Event cameras contain pixels that independently respond to changes in brightness as they occur.[4] Each pixel stores a reference brightness level, and continuously compares it to the current level of brightness. If the difference in brightness exceeds a preset threshold, that pixel resets its reference level and generates an event: a discrete packet of information containing the pixel address and timestamp. Events may also contain the polarity (increase or decrease) of a brightness change, or an instantaneous measurement of the current level of illumination.[6] Thus, event cameras output an asynchronous stream of events triggered by changes in scene illumination.
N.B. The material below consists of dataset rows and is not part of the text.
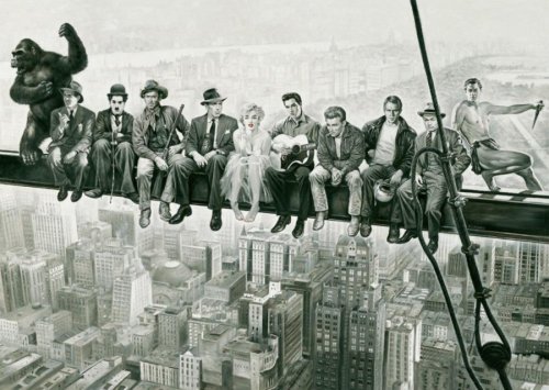 Paródia fotografie Čas obeda, rok 1932 od Renata Casara so známymi a slávnymi osobnosťami. Ich mená sú uvedené na zadnej strane krabičky od puzzle.
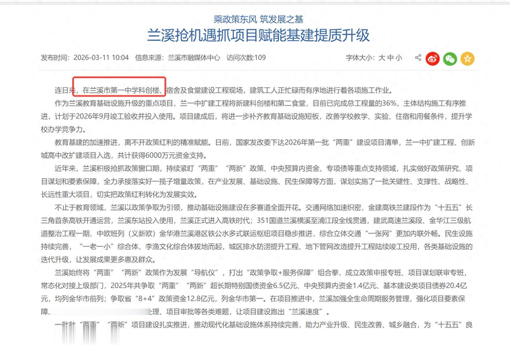 你绝对想不到,一所县级中学的扩建,竟然能惊动国家发改委,直接拿下2026年第一批“两重”建设项目的“入场券”!更让人惊讶的是,当全省乃至全国都在为资金发愁时,兰溪这所老牌名校却拿到了6000万的“真金白银”支持。
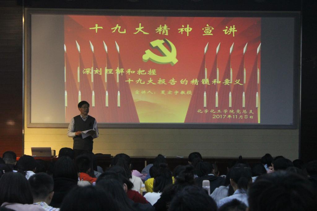 党总支在D楼111教室开展十九大精神宣讲活动。学院党总支书记夏宏宇作了题为《深刻理解和把握十九大报告的精髓和要义》的主题报告,全体学生党员和入党积极分子聆听了报告。
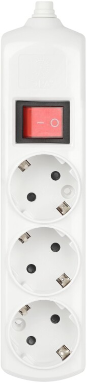Колодка розеточная, 3 розетки, 16А, с/з, IP20, пластик, белая, с выключателем, K-3es
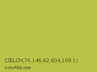 CIELCh 76.146,62.604,109.1 Color is a normal yellow color and the nearest color is Turmeric #cabb48. Hex code #b8c447 and RGB value is rgb(184,196,71). In RGB color space, this color is composed of 72% red, 77% green, 28% blue, In CMYK color space, this color is composed of 6% cyan, 0% magenta, 64% yellow , 23% black , In HSL color space, this color has a hue angle of 66° , 51% saturation and 52% lightness.
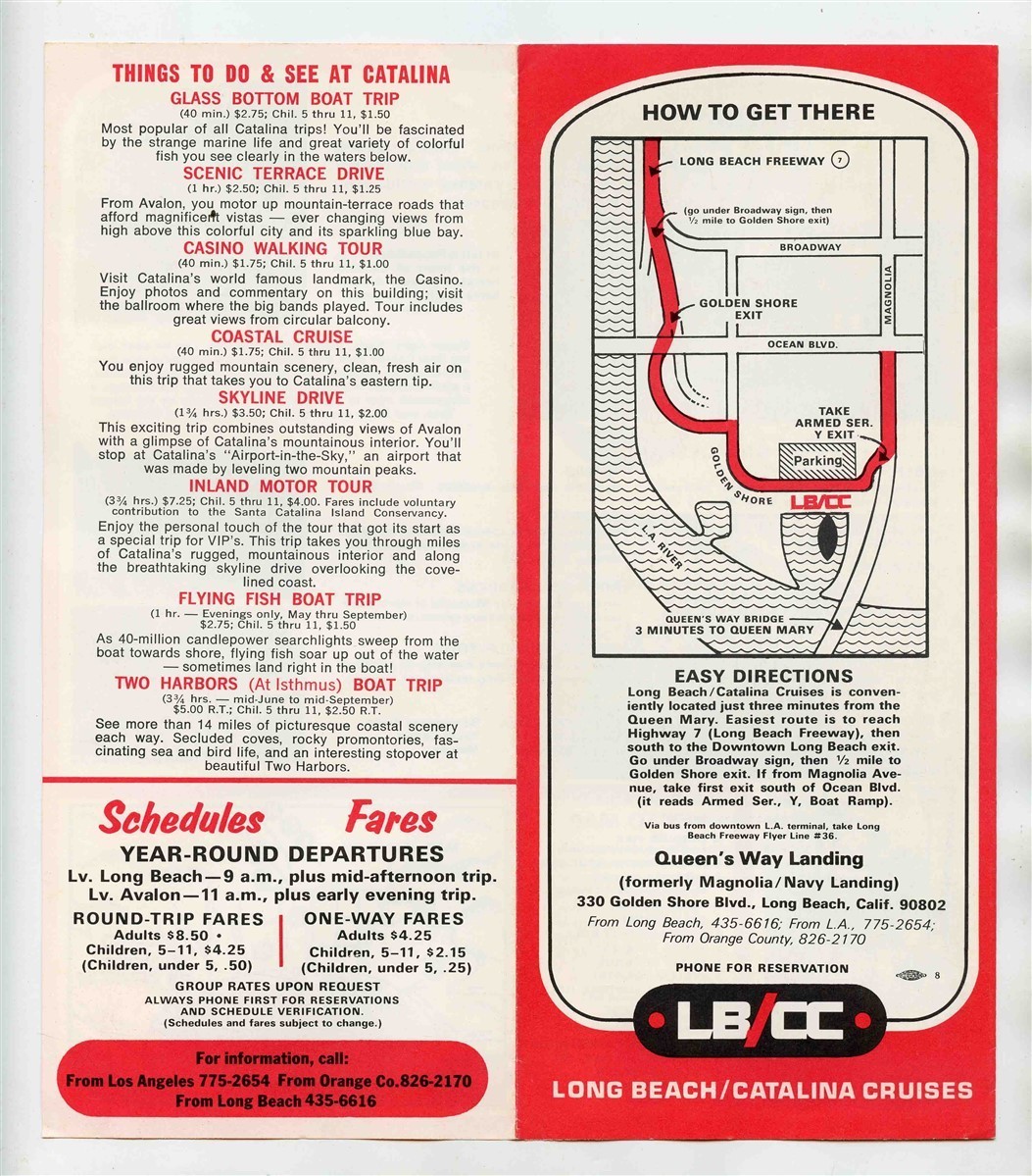 An interesting and well illustrated 6 panel fold out brochure with map, photos, directions, things to see and do and much more. Catalina Island via Long Beach Spectacular Royal Route Cruises Brochure by Long Beach Catalina Cruised. Includes Schedules and Fares, , circa 1950's
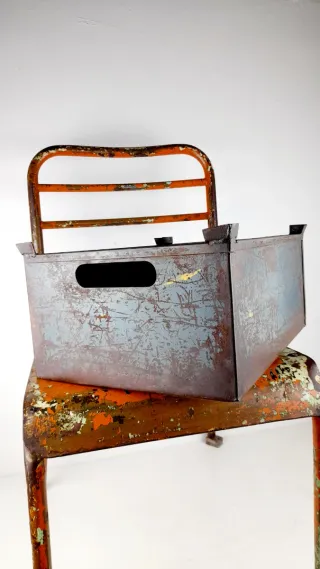 Cassetta industriale in metallo, ideale per conservare o trasportare oggetti. - Materiale: Metallo - Colore: Blu con finiture arancioni - Design industriale
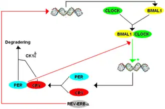 Das TTFL-Modell der Säugetiere enthält viele Komponenten, die Homologen derjenigen sind, die in Drosophila gefunden wurden. Der TTFL der Säugetiere arbeitet so, dass BMAL1 mit CLOCK ein Heterodimer bildet, um die Transkription von mPer und cryptochrom (cry) zu initiieren. Es gibt drei Paraloge oder historisch ähnliche Gene, die heutzutage als Duplikation des period-Gens in Säugetieren auftreten, die als mPer1, mPer2 und mPer3 aufgeführt sind. Es gibt auch zwei Paraloge von Cryptochrom bei Säugetieren. PER- und CRY-Proteine bilden ein Heterodimer und die Phosphorylierung von PER durch CK1δ (Casein kinase I isoform delta) und CK1ε (Casein kinase 1 isoform epsilon) reguliert die Lokalisierung des Dimers zum Zellkern. Im Zellkern reguliert PER-CRY die Transkription ihrer verwandten Gene negativ, indem es BMAL1-CLOCK bindet und sie vom E-Box-Promotor freisetzt.[7]
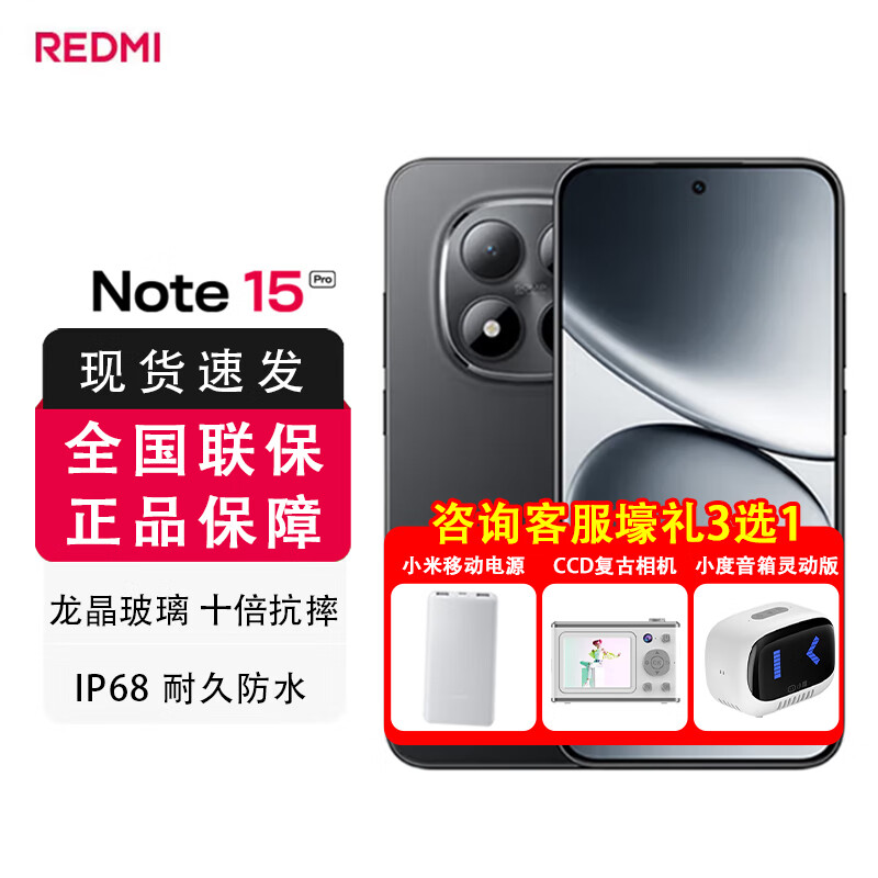 小米REDMI Note 15 Pro 新一代小金刚 红米 5G手机 新机上市 子夜黑 8+256GB 官方标配
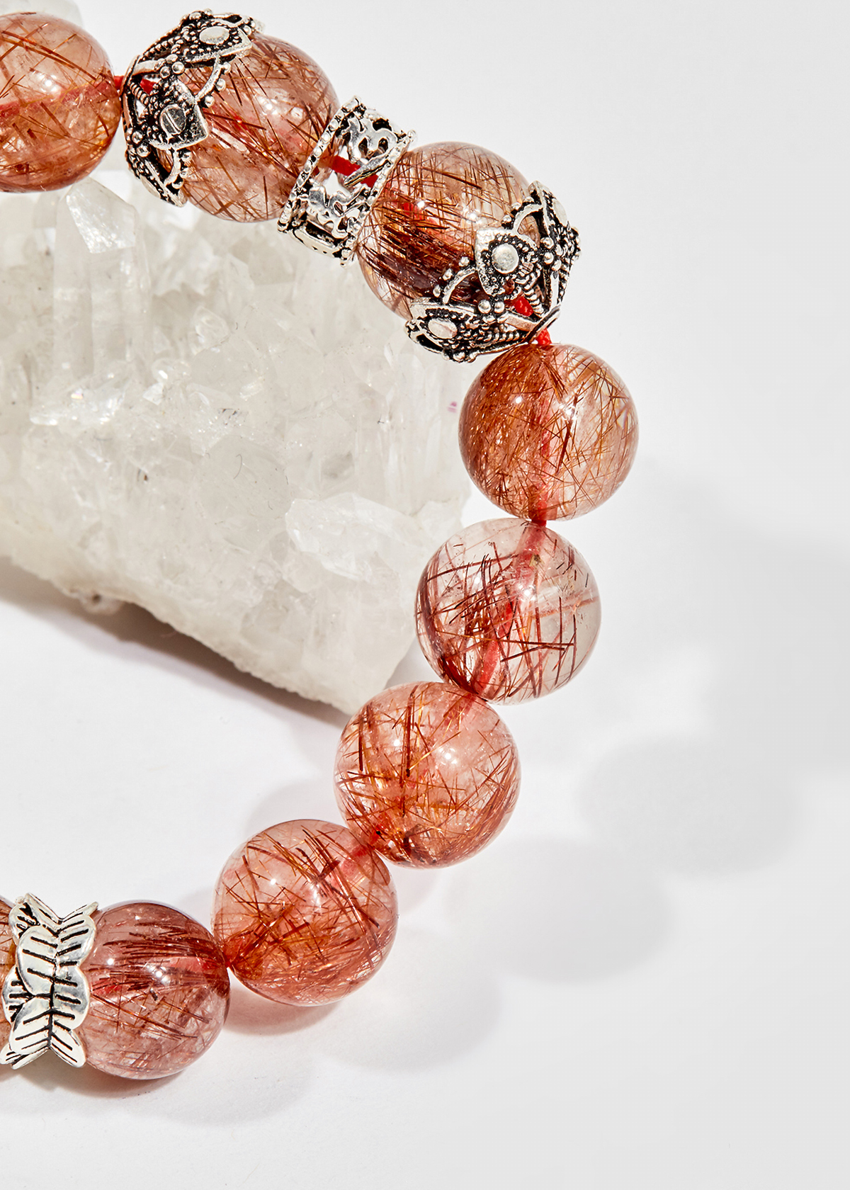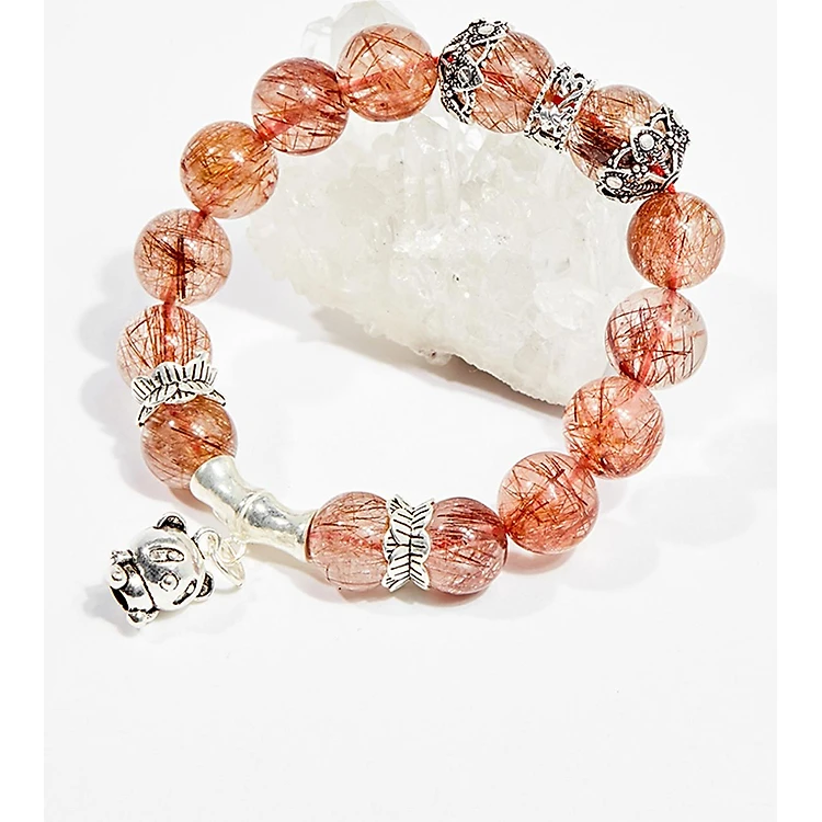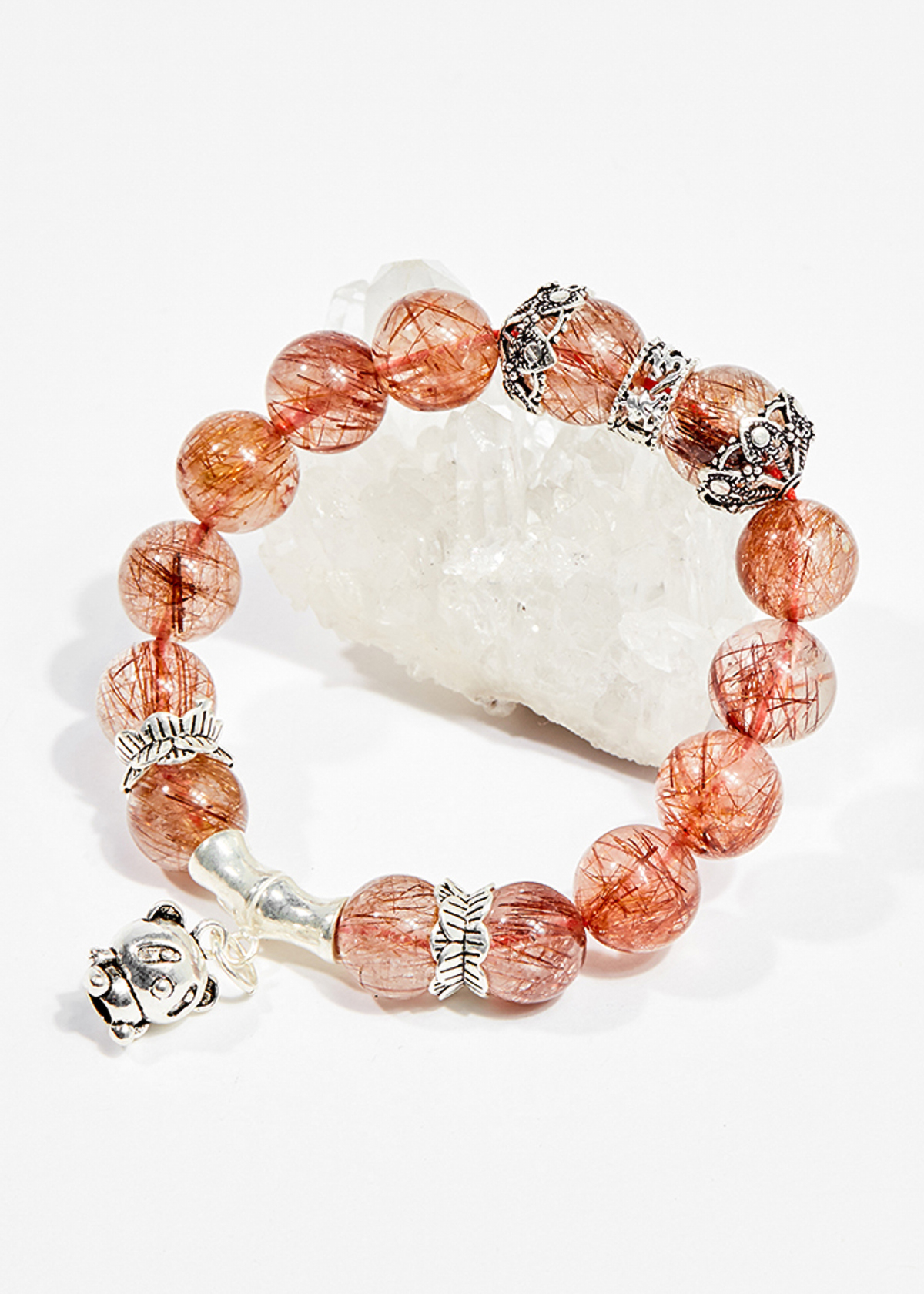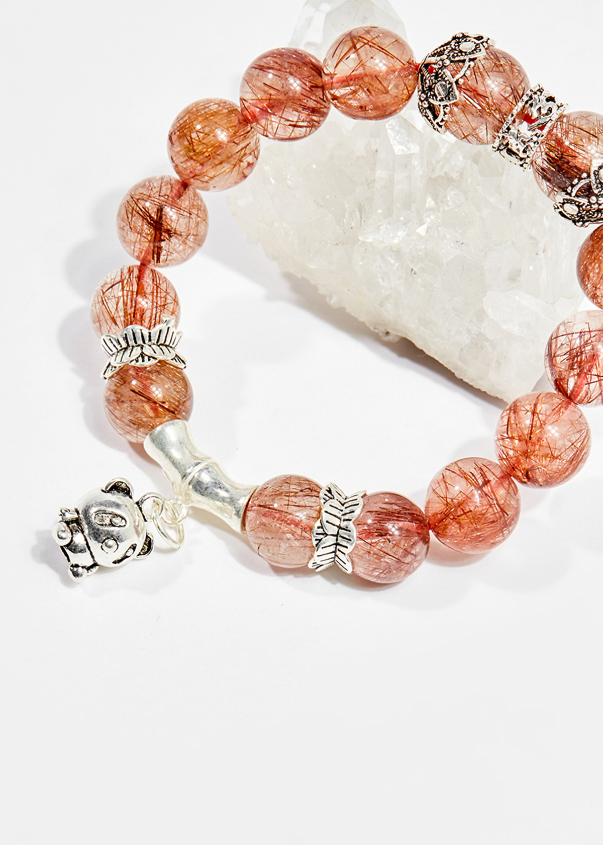 VÒNG TAY ĐÁ THẠCH ANH TÓC ĐỎ CHARM MÈO:
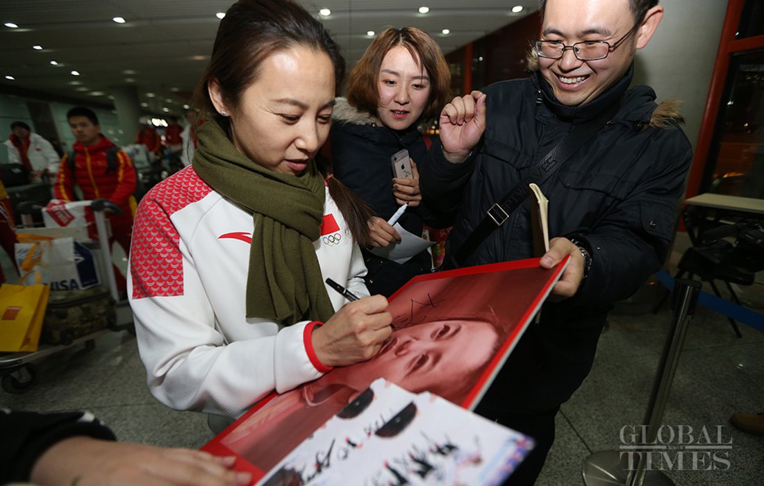 Li Yan signs on her photo for speed skating fans at the airport. Photo: Cui Meng/GT figcaption >
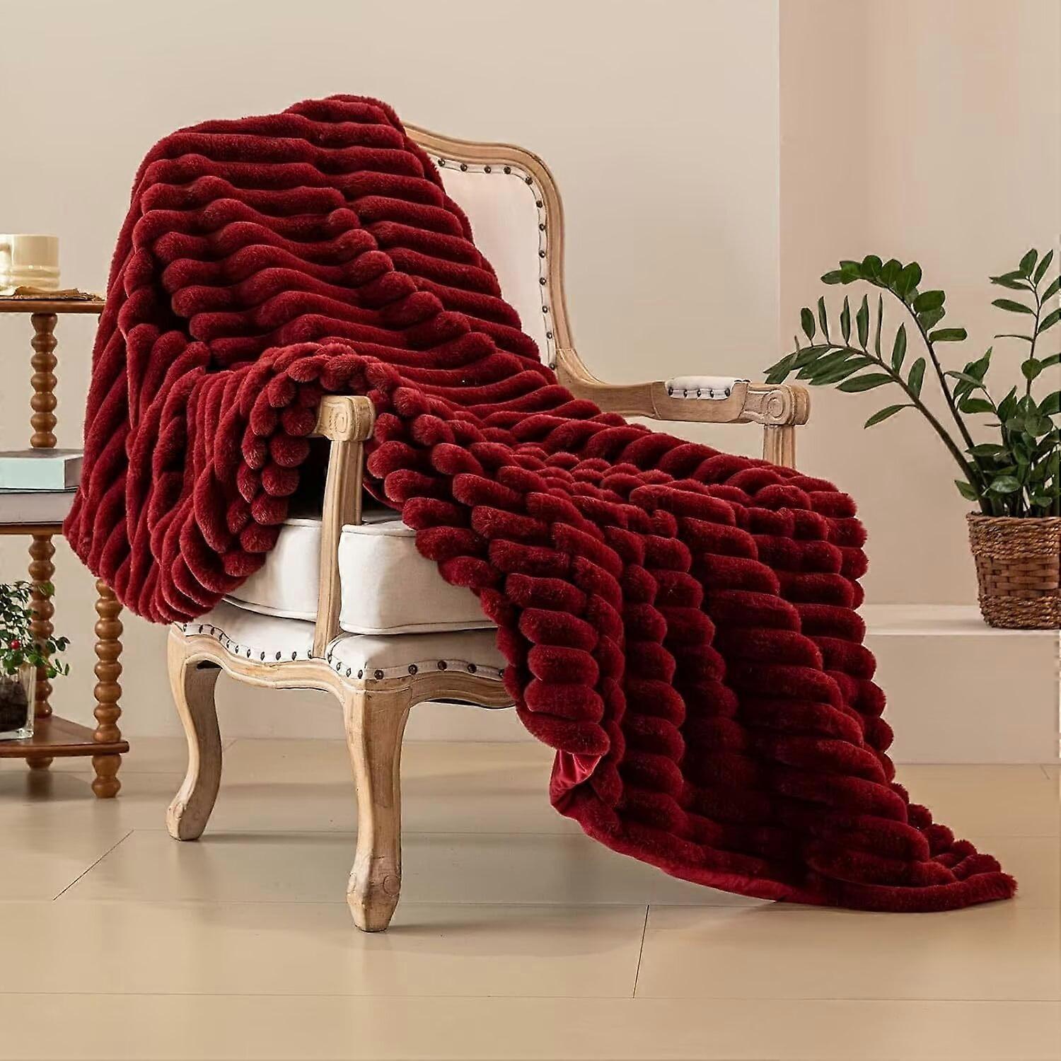 Luxury Double Sided Faux Fur Throw Blanket, Soft Fluffy Plush Cozy Warm for Couch Bed Sofa - Ivory 50" x 63" (Without Pillows)
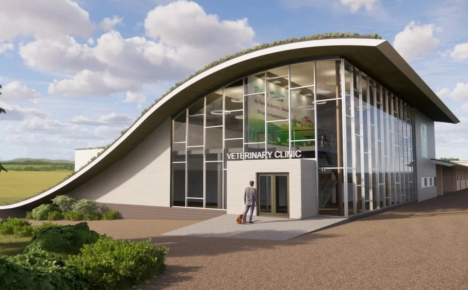 The new colour scheme for the 8,000m2 Veterinary Hospital and Dog Rescue and Adoption Centre has been approved. This facility will include a reception and office building, kennelling for 256 dogs, a veterinary hospital, training arenas, a dog boarding block, accommodation building and other ancillary buildings.

Comparison of the data produced by an event camera and a conventional camera.
Comparison of the data produced by an event camera and a conventional camera.
Typical characteristics of image sensors
Sensor Dynamic

range (dB)

Equivalent

framerate* (fps)

Spatial

resolution (MP)

Power

consumption (mW)

Human eye 30–40 200-300 - 10[7]
High-end DSLR camera (Nikon D850) 44.6[8] 120 2–8 -
Ultrahigh-speed camera (Phantom v2640)[9] 64 12,500 0.3–4 -
Event camera[10] 120 1,000,000 0.1–0.2 30

*Indicates temporal resolution since human eyes and event cameras do not output frames.

Types

While all event cameras respond to local changes in brightness, there are a few variants. Temporal contrast sensors (like the pioneering DVS[4] (Dynamic Vision Sensor) or the sDVS[11] (sensitive-DVS)) produce events that indicate polarity (increase or decrease in brightness), while temporal image sensors[6] indicate the instantaneous intensity with each event. The DAVIS[12] (Dynamic and Active-pixel Vision Sensor) contains a global shutter active pixel sensor (APS) in addition to the dynamic vision sensor (DVS) that shares the same photosensor array. Thus, it has the ability to produce image frames alongside events. Many event cameras additionally carry an inertial measurement unit (IMU).

Event cameras
Name Event output Image frames Color IMU Manufacturer Commercially available
DVS128[4] Polarity No No No Inivation No
sDVS128[11] Polarity No No No CSIC No
DAVIS240[12] Polarity Yes No Yes Inivation Yes
DAVIS346[13] Polarity Yes No Yes Inivation Yes
SEES[14] Polarity Yes No Yes Insightness Yes
SilkyEvCam[15] Polarity No No No Century Arks Yes
Samsung DVS[16] Polarity No No Yes Samsung No
Onboard[6] Polarity No No Yes Prophesee Yes
Celex[17] Intensity Yes No Yes CelePixel Yes
IMX636[18] Intensity Yes No Yes Sony / Prophesee Yes

Retinomorphic sensors

Main article: Retinomorphic sensor

Left: schematic cross-sectional diagram of photosensitive capacitor. Center: circuit diagram of retinomorphic sensor, with photosensitive capacitor at top. Right: Expected transient response of retinomorphic sensor to application of constant illumination.
Left: schematic cross-sectional diagram of photosensitive capacitor. Center: circuit diagram of retinomorphic sensor, with photosensitive capacitor at top. Right: Expected transient response of retinomorphic sensor to application of constant illumination.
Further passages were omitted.